From FIG. 5, it can be clearly seen that the pipeline stages F1-F3 execute 3 reduction instructions in an interlaced manner. The calculation circuit P0-P3 sequentially generates temporary results (e.g. temp1-temp4) of the first reduction instruction, temporary results (e.g. temp1-temp 4) of the second reduction instruction, a final result of the first reduction instruction, and a final result of the second reduction instruction. In some embodiments, the 1st to 3rd clocks are called the first iteration corresponding to the first reduction instruction, the 4th to 6th clocks are called the second iteration corresponding to the first reduction instruction, and the 7th to 9th clocks are called the third iteration corresponding to the first reduction instruction. Similarly, the 2nd to 4th clocks are called the first iteration corresponding to the second reduction instruction, the 5th to 7th clocks are called the second iteration corresponding to the second reduction instruction, and the 8th to 10th clocks are called the third iteration corresponding to the second reduction instruction.
Note that the calculation circuit P0 is used several times. The calculation circuit P0 generates a temporal result (e.g. temp 1 and temp6) and the final result of the first and the second reduction instructions. The calculation circuit P1-P3 generates a temporal result (e.g. temp2-5) of the first and the second reduction instructions.
From another perspective, the operation of the calculation circuit P0 is explained here. FIG. 6 illustrates the calculation diagram of each pipeline stage in calculation circuit P0 according to the first embodiment. Please refer to FIG. 3, FIG. 4, and FIG. 6. A table 600 only describes the operations of the multiplexers 421, 422, and the calculation circuit P0.
Before the first clock, the multiplexer 421 selects elements belonging to the first reduction instruction from the source operand 410, and the multiplexer 422 also selects elements belonging to the first reduction instruction from the source operand 410.
In the first clock, the two registers 311, 312 in the pipeline stage F1 stores the elements e0, e1 of the first reduction instruction, respectively. Meanwhile, the multiplexer 421 selects elements belonging to the second reduction instruction from the source operand 410, and the multiplexer 422 also selects elements belonging to the second reduction instruction from the source operand 410.
In the second clock, the registers 321, 322 in the pipeline stage F2 store elements e0, e1 of the first reduction instruction, respectively. The two registers 311, 312 in pipeline stage F1 are used to store elements e0, e1 of the second reduction instruction, respectively. The pipeline stage F2 executes the first reduction instruction, while pipeline stage F1 executes the second reduction instruction. Meanwhile, the multiplexer 421 selects elements belonging to the third reduction instruction from the source operand 410, and the multiplexer 422 selects elements belonging to the third reduction instruction from the source operand 410.

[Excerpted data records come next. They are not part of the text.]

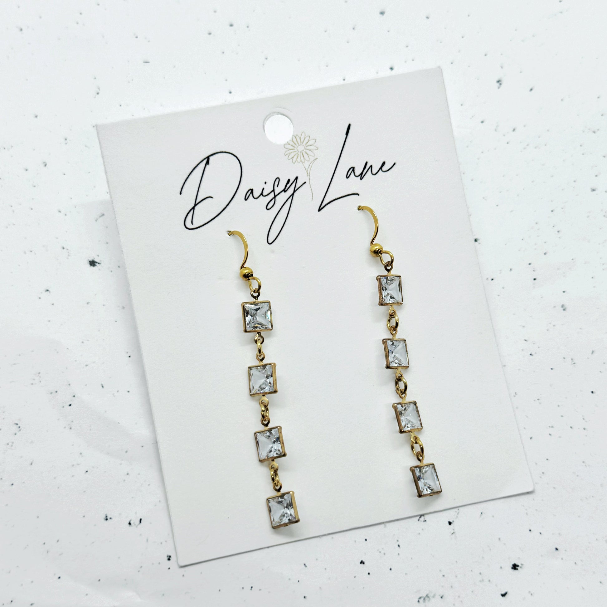 Simone brings the sparkle - a cascading line of square-cut stones for a bold, dramatic look. Lightweight enough for evening wear with the shine for a statement finish. Perfect for weddings, date nights, and everyday sparkle.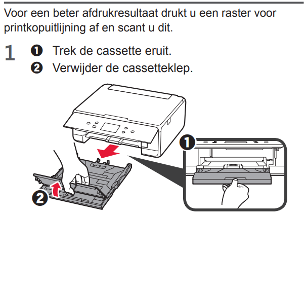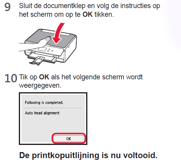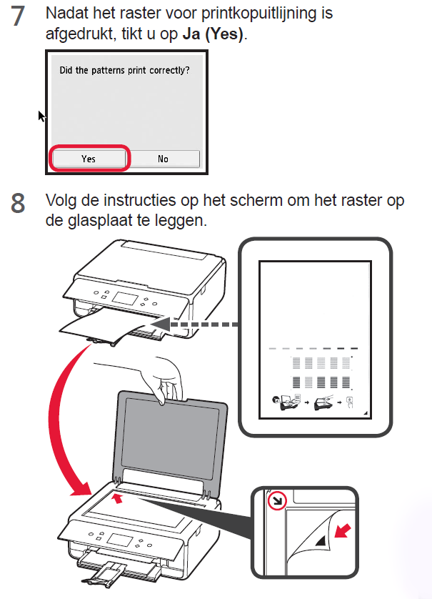 Op het scherm krijg je de berichten in verband met een uitlijnpatroon. Duw op <OK> en als de pagina is afgedrukt duw je op <JA>. Het afgedrukte blad leg je nu op het venster van de scanner. De hoek met de pijl op het blad naar de pijl op het scannervenster (blad mooi recht leggen). Druk op <OK>.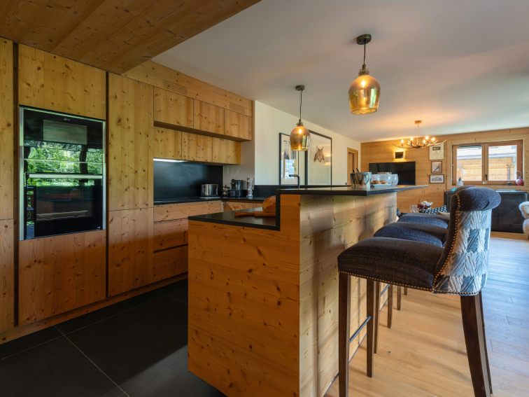 The comfortable living room features a large sofa and faux-fur armchairs, arranged around a fireplace and TV. The open kitchen is very well equipped, with a central counter and large dining table. This room opens onto a covered, furnished balcony, which can be heated in winter by a gas brazier.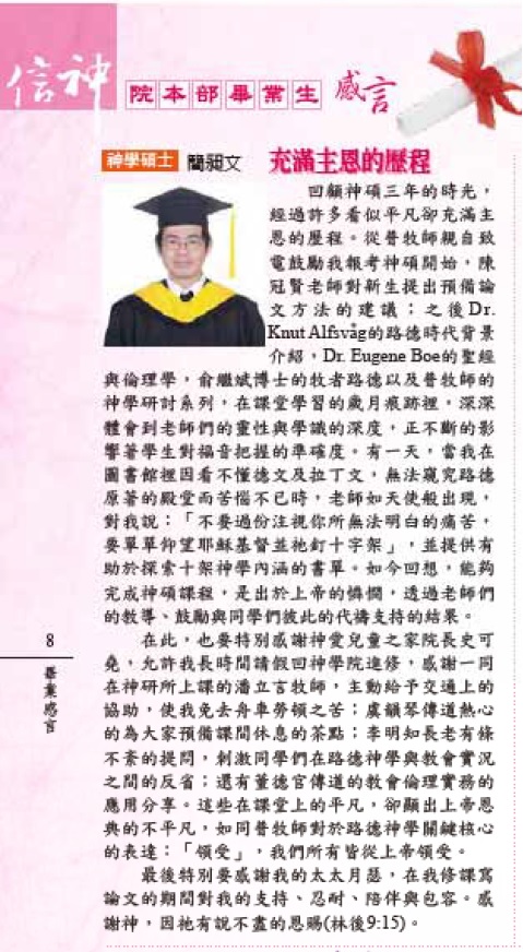 人子來,為要尋找拯救失喪的人.(路加福音19:10)有誰會知道甚至承認自己是失喪的人,且是赤裸裸的呈現出來,在自己也在別人面前?人與生俱來的本能就是遮掩羞恥,不讓羞恥曝光.取而代之冠冕堂皇的包裝,便是眾人眼中的形象.讓人藉此躲在其後,並且使的彼此有了安全感,清新光明的形象,所散發的出的炫光,對自己掩飾了內心,對別人也產生了完美的假象.有誰願意在眾人面前坦露,內心的醜惡甚至邪惡,因為這與整個大環境所要塑造的方向是背道而馳.以至於,當內心邪惡的真實或是出於自願或是出於被迫的被揭露出來,總會掀起一陣陣令人感到震驚的巨浪,問題是,令人震驚的緣故,是因為完美形象的破滅所帶來的衝擊,或是人又再一次被強迫的,需要去面對隱藏在每個人內心深處的邪惡所帶來的矛盾衝突.如果人內心的邪惡沒有出路,終究永遠只能躲在陰暗角落繼續偽裝隱藏.若不是光來到黑暗中,有誰能夠在黑暗中看見光?人子耶穌就是世上的真光,祂來到我們的當中,不但要顯露出人內心最深處的惡,就是與神為仇為敵,且是不能自拔的命運.更是要為我們指出已經為你我所預備,在內心黑暗邪惡之中的出路,就在耶穌被釘十字架,走進黑暗無光,又從死裡復活,不但扭轉了我們原本在黑暗捆鎖中的命運,也把我們從絕望的泥沼拯救出來,成為光明之子,不再依賴外在短暫的形象來包裝自己,也不再為自己在那裏遮遮掩掩辛苦的活著,而是靠賴救贖的應許,如同鬆開緊握的雙手,敞開的門,在認清自己的失喪,對自己的絕望的同時,也有曙光.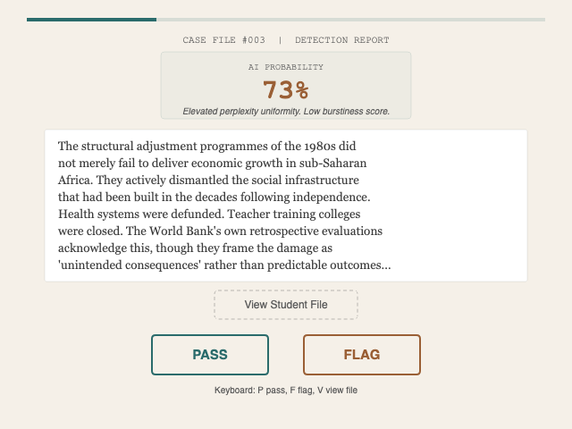 Some submissions are human. Some are AI. Some are somewhere in between. The detection tool is confident. The detection tool is wrong.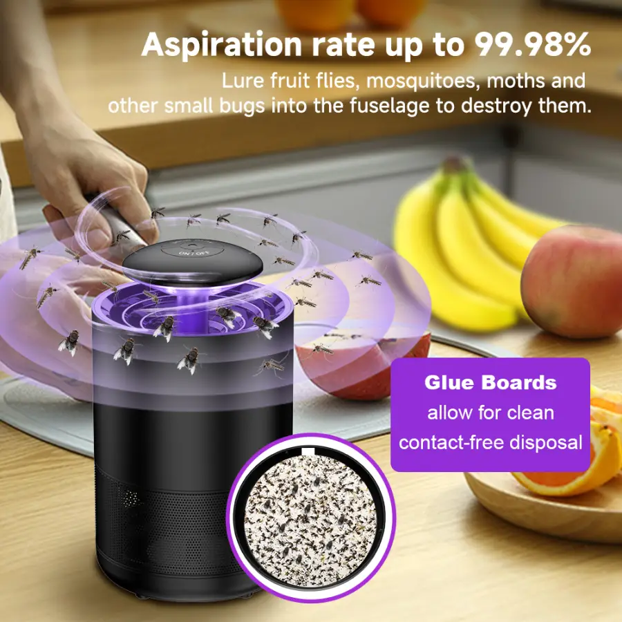 The indoor fly trap emits long-wave light in the 365 nm to 395 nm range. This light is highly attractive to insects due to their sensitive retinas. Once attracted, a fan draws the insects into the trap, and the strong sticky glue ensures effective trapping, ultimately collecting them in a mosquito storage box. Physical pest control is safe for every household member.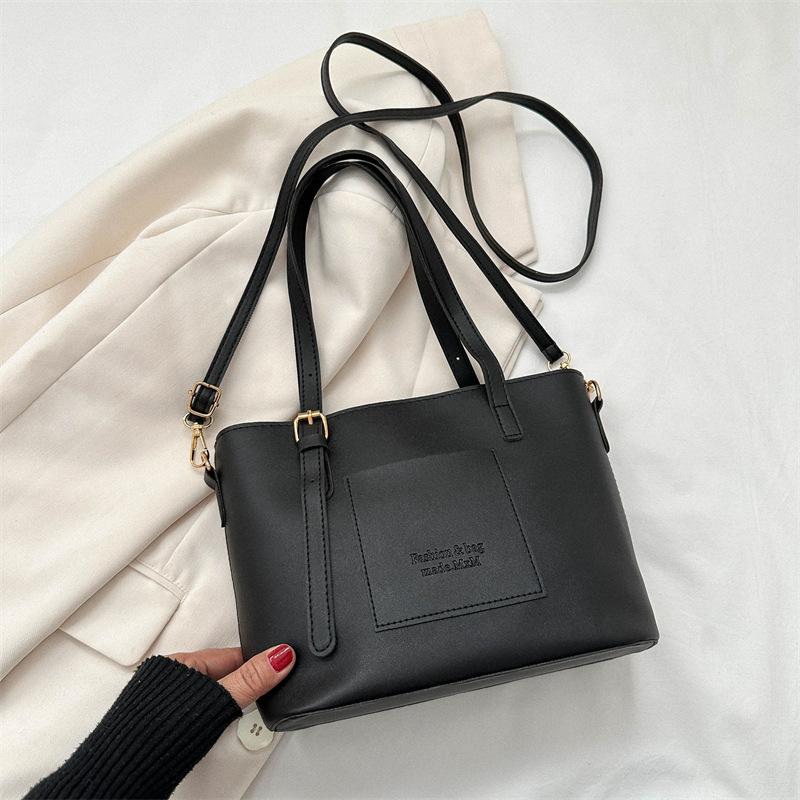 Сумка-тоут большой вместимости Niche design 2024 новая повседневная сумка для поездок на работу ретро персонализированная женская сумка через плечо чёрный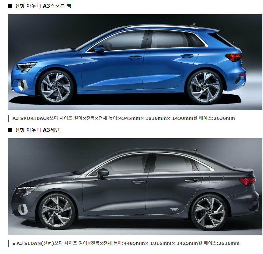 신형 A3 스포츠백과 세단의 비교 데이터도 있습니다.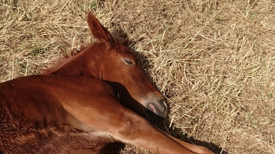 Hélite, pouliche pie minimal bai née le 10/04 à 2h30 Décédée le 14/04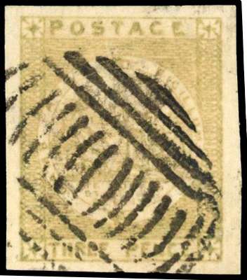 1850 3d yellow-green on soft yellowish wove paper with good to large margins on all sides and neat central obliterator. SG 39 £350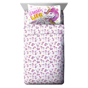 Déjate llevar por un sueño lleno de sueños con este divertido y colorido juego de cama JoJo Siwa Dream Unicorn. Este juego de cama está hecho 100 % de microfibra y presenta un unicornio de dibujos animados con temática de JoJo Siwa a juego en el edredón reversible, la sábana plana, la sábana ajustable y la funda de almohada incluidos.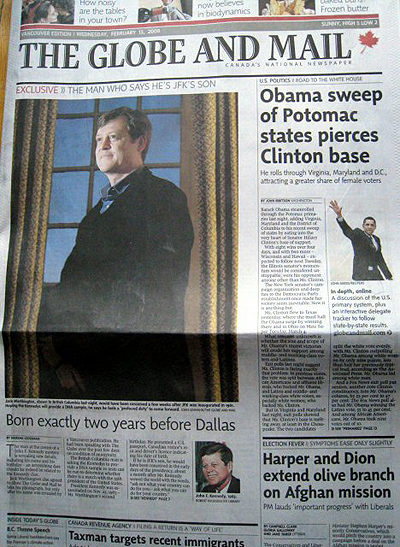 이 남자는 자신의 어머니가 케네디가 암살된 뒤 대통령직을 승계했던 부통령 린든 존슨 집안과 관계있는 것으로 안다고 밝혔으나, 다른 사항에는 일체 함구하는 것으로 알려졌다. 미국의 타블로이드 신문인 뉴욕포스트는 메일지 보도가 나가기 전인 지난 7일 뉴욕의 유명잡지 베너티 페어(Vanity Fair)가 18개월 동안 케네디의 사생아일 가능성이 제기된 한 밴쿠버 거주자를 추적해 왔다고 보도, 세인의 관심을 불러 일으킨 바 있다. 메일지는 그 후 케네디를 자신의 생부라고 주장하는 그 남자가 자발적으로 접촉을 시도해 왔고, 그는 케네디가의 협조를 얻어 DNA 테스트를 받기를 원하지만 어떤 금전적 이익도 취할 의사가 없음을 밝혔다고 보도했다. 메일지는 기사에서 그가 케네디 전 대통령의 모습을 빼닮았고, 큰 키에 몸매가 날렵하고 담갈색 눈에 얼굴에 주근깨가 있으며 특히 '케네디 치아'라고 부를 만큼 가지런한 이가 인상적이라고 묘사했다. 메일지는 그의 출생이 케네디와 관련이 있다는 어떤 증거도 없는 상황이라고 밝혔으나, 이날 1면에 그의 대형 사진을 전격 게재함으로써 단순히 독자의 호기심을 자극하는 차원의 보도가 아님을 분명히 했다. 164년의 역사와 전통을 자랑하는 메일지는 발행부수에서 토론토스타에 이어 캐나다에서 두 번째지만, 권위와 상징성에선 캐나다를 대표하는 엘리트신문으로 평가받고 있다. 신상인 통신원 sanginshin@yna.co.kr (밴쿠버=연합뉴스)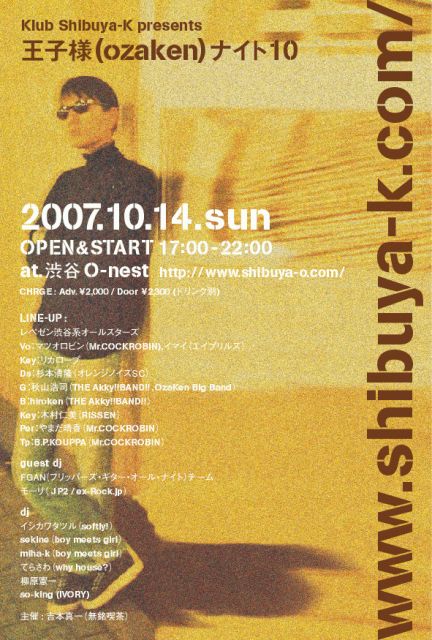 非公式フリッパーズギターコミュの皆さんこんばんは! FGANのナヲです! 【王子様(OZAKEN)ナイト 10】 に、FGANのDJチームがゲストDJとしてお呼ばれされました! 持ち時間目一杯【フリッパーズギターオールナイト】として使わせていただきますので 是非遊びに来てください!!! 今回も上げまくりますよ〜!!!! 来年の1〜3月くらいまでにFGANやりたいな、と思ってるんですが それまで待ちきれない方!!! パーフリで踊りまくりましょう!!!!!! T・A・K・E・! *********************

In the third clock, the register 331 in the pipeline stage F3 stores the sum of the two elements e0, e1 corresponding to the first reduction instruction. The pipeline stage F3 executes the first reduction instruction, the pipeline stage F2 executes the second reduction instruction, and the pipeline stage F1 executes the third reduction instruction. The output of the calculation circuit P0 is the temporary result (temp1). Meanwhile, the multiplexer 421 selects the temporary result temp1 generated by the calculation circuit P0, and the multiplexer 422 selects the temporary result temp2 generated by the calculation circuit P1. The 4th and 5th clock follow a similar pattern.
In the sixth clock, the pipeline stage F3 generates the sum of two temporary results temp1 and temp2. The pipeline stage F3 executes the first reduction instruction, the pipeline stage F2 executes the second reduction instruction, and the pipeline stage F1 executes the third reduction instruction. The multiplexer 421 selects the temporary result temp5 generated by the calculation circuit P0, and the multiplexer 422 selects the temporary result temp6 generated by the calculation circuit P1. Subsequent clocks follow a similar pattern.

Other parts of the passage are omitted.